» Exercise material:
________

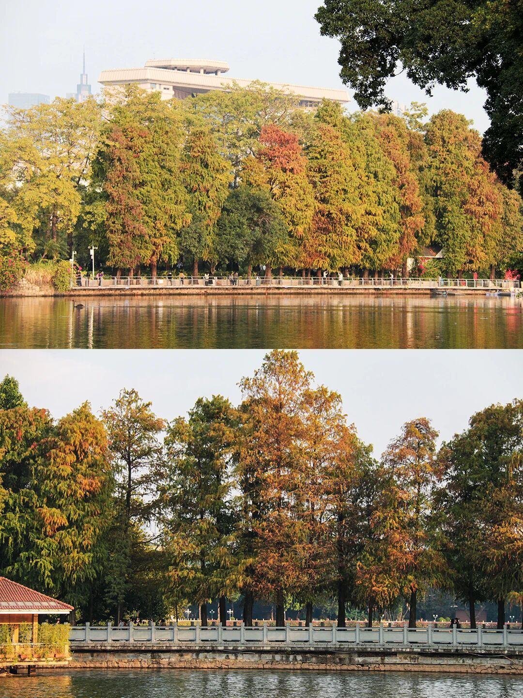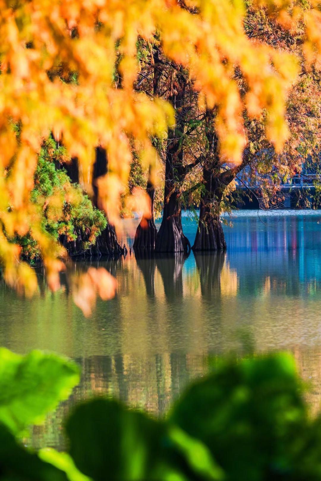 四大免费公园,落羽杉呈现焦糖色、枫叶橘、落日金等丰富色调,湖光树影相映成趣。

________

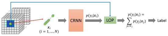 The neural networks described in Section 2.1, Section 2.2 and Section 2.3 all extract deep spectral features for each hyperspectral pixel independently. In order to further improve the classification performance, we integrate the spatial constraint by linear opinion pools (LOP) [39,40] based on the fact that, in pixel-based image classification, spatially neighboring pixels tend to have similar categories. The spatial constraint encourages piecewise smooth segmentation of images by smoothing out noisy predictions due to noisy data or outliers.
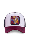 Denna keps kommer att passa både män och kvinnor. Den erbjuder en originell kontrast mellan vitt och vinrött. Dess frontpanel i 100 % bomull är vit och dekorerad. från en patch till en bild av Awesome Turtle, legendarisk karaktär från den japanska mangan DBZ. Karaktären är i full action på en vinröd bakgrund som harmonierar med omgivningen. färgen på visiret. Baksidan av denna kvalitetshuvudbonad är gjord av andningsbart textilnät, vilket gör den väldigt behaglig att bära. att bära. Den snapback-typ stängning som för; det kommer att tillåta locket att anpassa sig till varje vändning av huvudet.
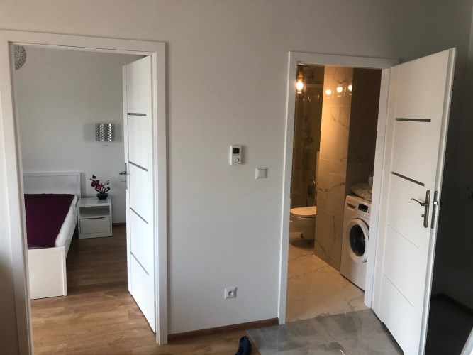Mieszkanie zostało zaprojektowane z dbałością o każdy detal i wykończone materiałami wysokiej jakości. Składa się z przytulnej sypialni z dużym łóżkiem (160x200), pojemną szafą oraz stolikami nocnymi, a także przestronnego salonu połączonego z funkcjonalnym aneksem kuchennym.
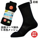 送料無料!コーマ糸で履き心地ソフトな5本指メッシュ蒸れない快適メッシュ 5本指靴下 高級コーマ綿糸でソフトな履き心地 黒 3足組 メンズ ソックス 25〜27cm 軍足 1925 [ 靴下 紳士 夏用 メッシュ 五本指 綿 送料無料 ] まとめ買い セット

________

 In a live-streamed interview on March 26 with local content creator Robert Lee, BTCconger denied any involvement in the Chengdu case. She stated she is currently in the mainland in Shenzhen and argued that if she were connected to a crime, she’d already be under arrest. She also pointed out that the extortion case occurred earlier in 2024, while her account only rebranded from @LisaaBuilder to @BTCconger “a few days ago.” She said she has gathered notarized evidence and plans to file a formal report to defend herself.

________

» Your assignment:
With pictures omitted, repeat the entries above word for word from the line holding "Mieszkanie zostało zaprojektowane" down to the line holding "送料無料!コーマ糸で履き心地ソフトな5本指メッシュ蒸れない快適メッシュ 5本指靴下 高級コーマ綿糸でソフトな履き心地", keeping both of those lines.

» Exercise response:
Mieszkanie zostało zaprojektowane z dbałością o każdy detal i wykończone materiałami wysokiej jakości. Składa się z przytulnej sypialni z dużym łóżkiem (160x200), pojemną szafą oraz stolikami nocnymi, a także przestronnego salonu połączonego z funkcjonalnym aneksem kuchennym.
 送料無料!コーマ糸で履き心地ソフトな5本指メッシュ蒸れない快適メッシュ 5本指靴下 高級コーマ綿糸でソフトな履き心地 黒 3足組 メンズ ソックス 25〜27cm 軍足 1925 [ 靴下 紳士 夏用 メッシュ 五本指 綿 送料無料 ] まとめ買い セット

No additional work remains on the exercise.